Taipei Tales - Part Three

A typical hot and humid Taipei day usually results in pictures like the one below. The culprit - condensation on the camera lens. We spent the morning at the National Palace Museum which houses some of the most priceless pieces of Chinese art in the world. The story of how most of the pieces came to Taiwan is an interesting one.

~Outside the National Palace Museum
Like most buildings in Taipei, the buildings within the National Palace Museum complex have chinese style curved roofs. The Boy and I fell in love with the meat stone, a piece of agate that has been made to resemble a piece of cooked pork down to the layer of fat on top. There is a picture here. Photography was not allowed inside.

~Roof Detail of the National Palace Museum


We stopped by the Chiang Kai Shek Memorial next. Nothing amazing here. It's just a huge pagoda like structure in the middle of the city with lots of open space. Atleast this time we got rid of the moisture on the lens before posing.

~Outside the Chiang Kai Shek Memorial


And yes, the brick work in the courtyard does not align with the center of the gateway structure.

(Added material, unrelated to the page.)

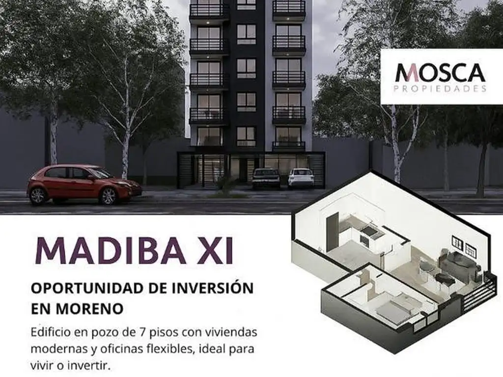 Madiba XI es un edificio residencial y comercial de 7 pisos, que combina viviendas modernas y oficinas flexibles, ideal para vivir, trabajar o invertir. Ubicado estratégicamente en Zeballos al 300, en el corazón de Moreno, a solo unas cuadras del centro y con fácil acceso a Acceso Oeste, centros comerciales y servicios.
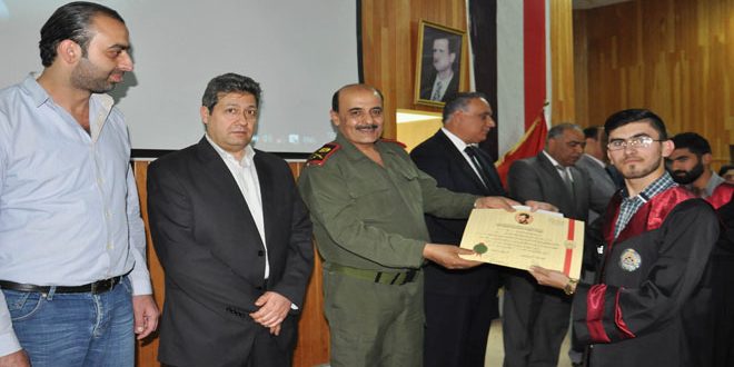 حضر حفل التكريم محافظ حمص طلال البرازي والدكتور محمد عيسى أمين فرع الجامعة لحزب البعث العربي الاشتراكي واللواء أكرم بصو قائد شرطة المحافظة وعدد من أعضاء قيادة فرع الجامعة لحزب البعث ورئيس فرع نقابة المعلمين بالجامعة وعمداء الكليات وذوي الطلبة.

~The gateway to the Chiang Kai Shek Memorial

Temples dot the urban cityscape of Taipei. The Taoist temples are especially known for their elaborately carved dark wood pillars and the brightly colored dragon and fish scupltures on the roof tops. The Longshan Temple in Taipei City was no exception.


~Waterfall inside the Longhsan Temple in Wanhua District

~Dragons on the roof top

Worshippers came in, lit their joss sticks in the giant incense burner, said their prayers and then left their offerings of fruit, flowers and cakes on the tables in the courtyard - all the while without removing their shoes. The peace and quiet here, inspite of the hum of chanting over the loudspeaker was in direct contrast to the chaos that I have witnessed in most Hindu temples in India. It might have something to do with the shoes!!

~Central courtyard of the temple

~Monks conducting services inside the temple

The heat finally caught up with us and we decided to head to towards Taipei 101 and airconditioning.


~The facade of Taipei 101

The food court at Taipei 101 was impressive and all the choices looked delectable given the fact that we were running on empty engines by then. There was a McDonalds - predicatbly so and an Indian food counter - quite surprising. We steered clear of both.


~Indian Fans counter at the Taipei 101 food court

We settled for an osyter omlet, fried rice and fish ball soup for the Boy and Congee, bitter mellon and vegetarian pancakes for myself, instead.